▽
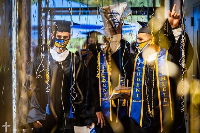 May 12, 2021: The mood in Sommer Center for Concordia’s 2021 Parade of Graduates could not help but reflect the real and ever-present apprehension at the rapidly approaching end of the beloved institution’s 140-year legacy. Yet pride, joy and hope took precedence for the day as the Concordia community celebrated their graduates and the hundreds of new beginnings they represent.
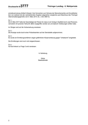 Thüringer Landtag 6. Wahlperiode Drucksache 6/ 19.04.2017 3777 Kleine Anfrage des Abgeordneten Brandner (AfD) und Antwort des Thüringer Ministeriums für Inneres und Kommunales Angeblicher Vorfall in Saalfeld am 5. März 2017 Die Kleine Anfrage 2012 vom 10. März 2017 hat folgenden Wortlaut: Der Netzausgabe des "Saale Journal" vom 7. März 2017 war unter anderem Folgendes zu entnehmen: "... Zeugen werden auch zu einer ... Auseinandersetzung gesucht, welche sich am Sonntagabend im Rainweg in Saalfeld ereignet haben soll. Ein 25-jähriger Asylbewerebr (sic) aus dem Irak schilderte am Montag der Polizei, dass er tags zuvor gegen 18.00 Uhr unweit des Klinikums offenbar durch zwei Syrer beleidigt, be- droht und zu Boden gestoßen wurde. Die beiden jungen Männer hätten abfällige Bemerkungen zum Aus- sehen des Irakers gemacht, bevor sie auf offener Straße auf ihn eingetreten und eingeschlagen hätten. Der 25-Jährige wurde dabei verletzt. Nun werden Zeugenhinweise zur Identität der noch unbekannten Syrer ge- sucht. Es wird wegen des Verdachts der gefährlichen Körperverletzung ermittelt. ..." Ich frage die Landesregierung: 1. Was genau hat sich anlässlich des einleitend geschilderten Sachverhalts ereignet? 2. Wie viele Polizeikräfte waren wegen des Vorfalls im Einsatz? 3. Wie viele Ermittlungsverfahren wegen welcher Tatbestände wurden im Zusammenhang mit dem Vorfall gegen Personen mit welchem Alter, welchem Geschlecht und welcher Staatsangehörigkeit (bitte sämt- liche, auch gegebenenfalls vorherige) eingeleitet? Wie war jeweils der Ausgang der Ermittlungsverfah- ren (Einstellung/Anklage/Strafbefehl; bei Einstellung bitte Grund und gegebenenfalls Auflage mitteilen)? 4. Sind die Tatverdächtigen, gegen die Ermittlungsverfahren eingeleitet worden sind, bereits in der Vergan- genheit polizeilich auffällig geworden (Vorstrafen)? Wie war deren Aufenthaltsstatus? Das Thüringer Ministerium für Inneres und Kommunales hat die Kleine Anfrage namens der Landesre gierung mit Schreiben vom 18. April 2017 wie folgt beantwortet: Vorbemerkung: Der Vorfall ist Gegenstand strafrechtlicher Ermittlungen (Stand: 5. April 2017). Unter Hinweis auf Artikel 67 Absatz 3 Satz 1 Nummer 1 der Verfassung des Freistaats Thüringen und § 477 Absatz 2 Satz 1 der Straf- prozessordnung wird insbesondere aus Datenschutzgründen (Grundrecht der informationellen Selbstbe- stimmung nach Artikel 2 Absatz 1 in Verbindung mit Artikel 1 Absatz 1 Grundgesetz, Artikel 6 Absatz 2 der Verfassung des Freistaats Thüringen) und vor dem Hintergrund der im Strafverfahren zu beachtenden Un- Druck: Thüringer Landtag, 5. Mai 2017
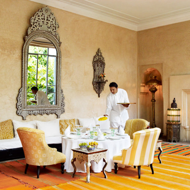 L’Hôtel Marrakech ist stolz auf seinen Ansatz, köstliche traditionell-marokkanische Küche zu servieren. Speisen Sie auf Ihrem privaten Balkon, im Speisesaal oder auf der Dachterrasse. Frische saisonal-regionale Waren werden täglich geliefert. Die frisch zubereiteten Kreationen fangen die feinen Aromen und farbenfrohen Reize Marrakeschs ein. Genießen Sie hier eine bunte Auswahl an Salaten, frischem Gemüse, langsam gekochten Tajinen sowie gegrilltem Fleisch und Fisch sowie das perfekte Steak mit Pommes frites. Abgerundet wird das Genusserlebnis von köstlichen hausgemachten Sorbets, Eiscremes und frischem Obst.
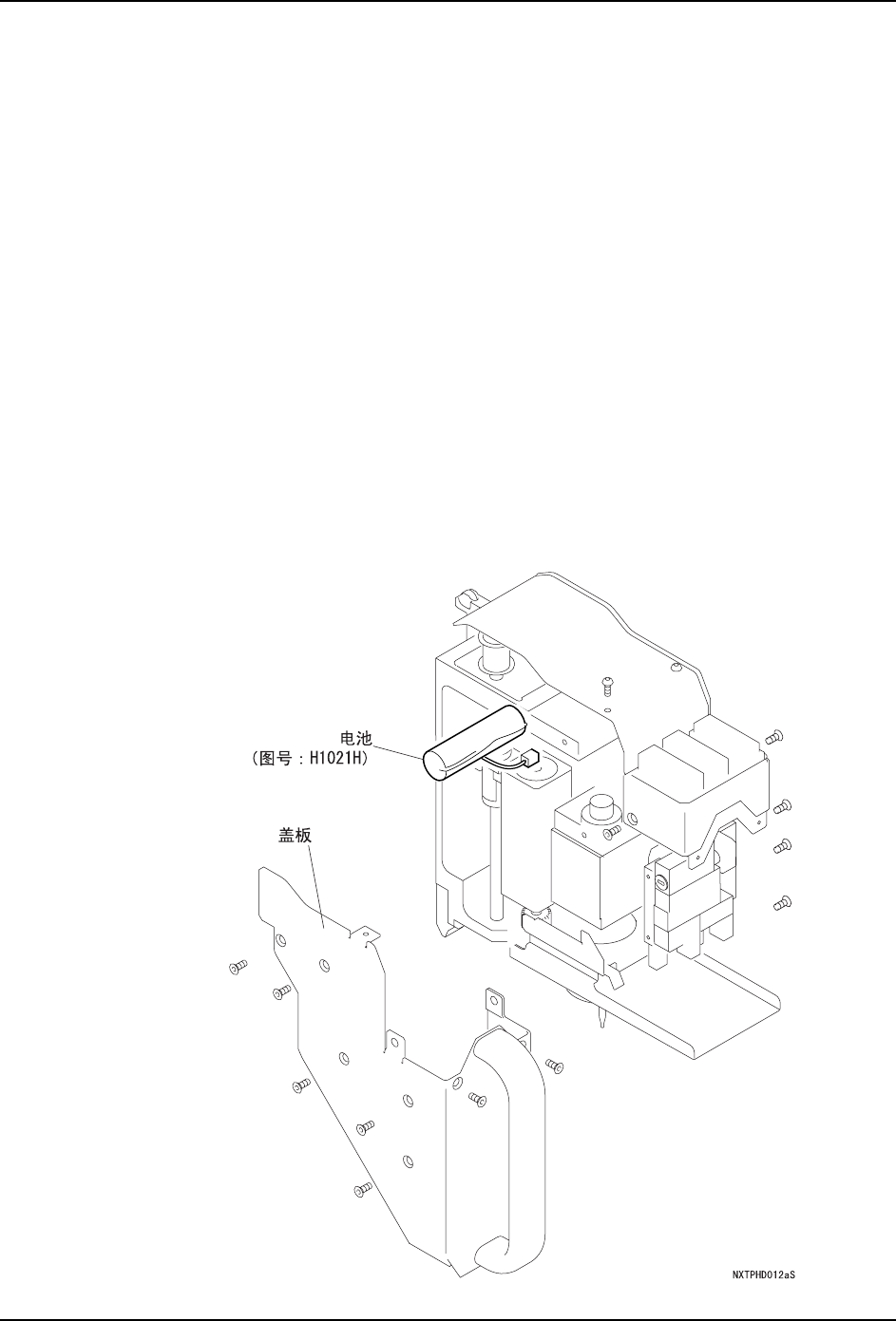 2. 取下贴装工作头的电池盖板 ( 参考下图 )。在此,请不要取下电池。
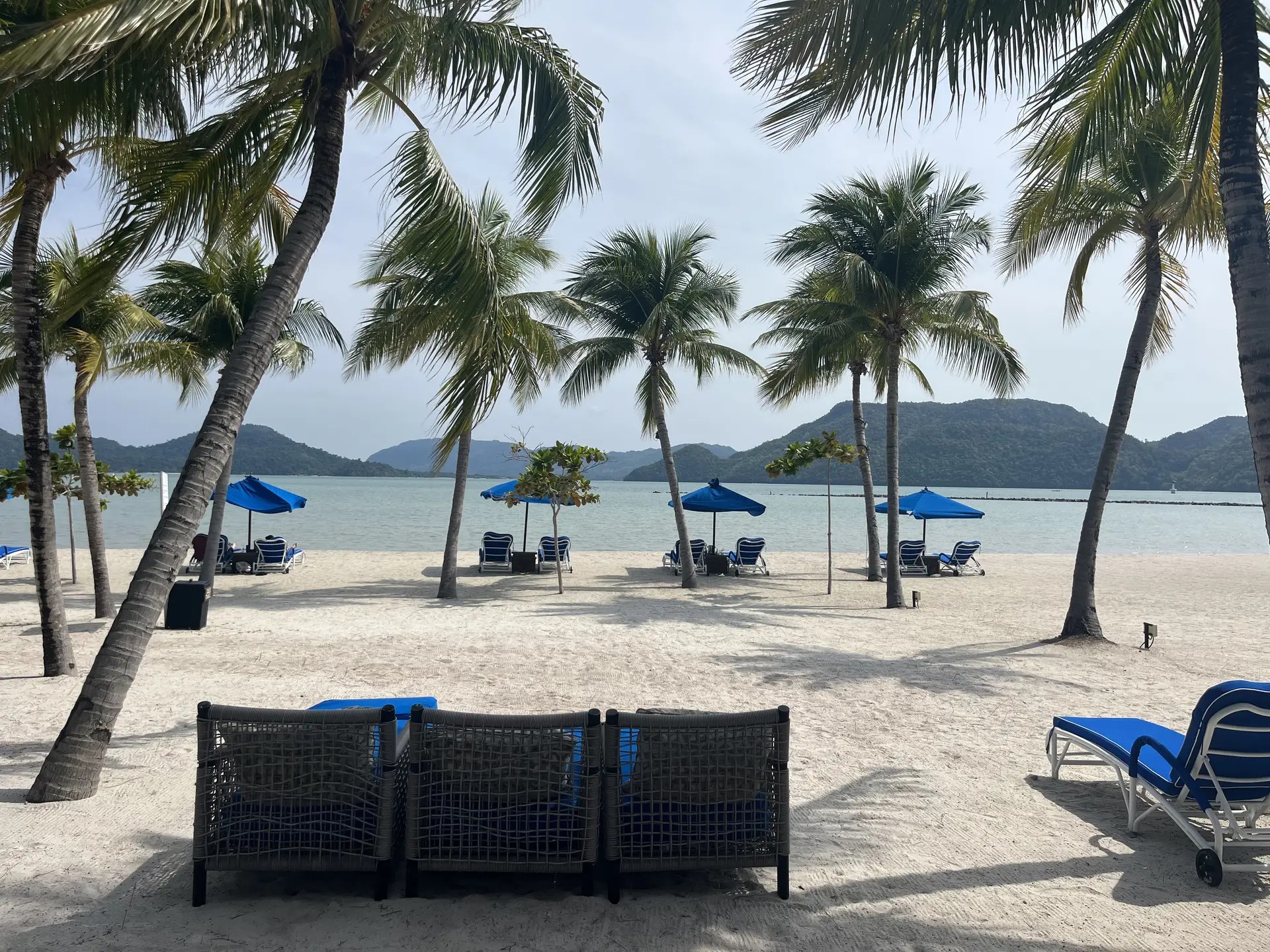 The beach at the St. Regis Langkawi is truly a dream beach. It offers everything you can imagine – white sand, palm trees and a view of a sea framed by greenery.
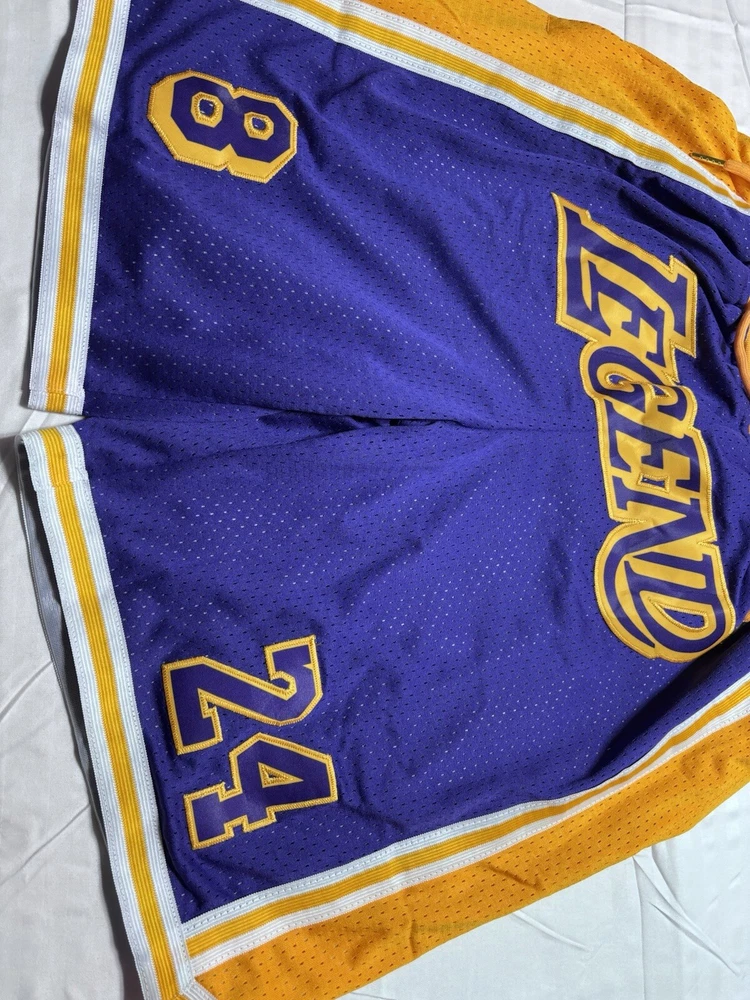 Kobe Bryant L.A Lakers Embroidered Basketball Shorts Sz Medium Legend #’s 8 & 24. New shipped with USPS ground advantage.
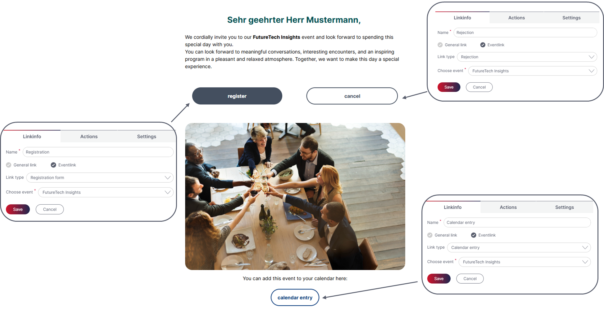 When creating an email campaign for your event (e.g. invitation or reminder) you can choose from different event links and link functions:
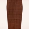 Alba Checkered midi rok in tegelbruin
△
■ **Goal of the exercise**:
Return exactly the line containing "2. 取下贴装工作头的电池盖板 ( 参考下图 )。在此,请不要取下电池。" and every line after it, up to and including the final line of the entries above. Pictures stay out.

■ **Response to the exercise**:
 2. 取下贴装工作头的电池盖板 ( 参考下图 )。在此,请不要取下电池。
 The beach at the St. Regis Langkawi is truly a dream beach. It offers everything you can imagine – white sand, palm trees and a view of a sea framed by greenery.
 Kobe Bryant L.A Lakers Embroidered Basketball Shorts Sz Medium Legend #’s 8 & 24. New shipped with USPS ground advantage.
 When creating an email campaign for your event (e.g. invitation or reminder) you can choose from different event links and link functions:
 Alba Checkered midi rok in tegelbruin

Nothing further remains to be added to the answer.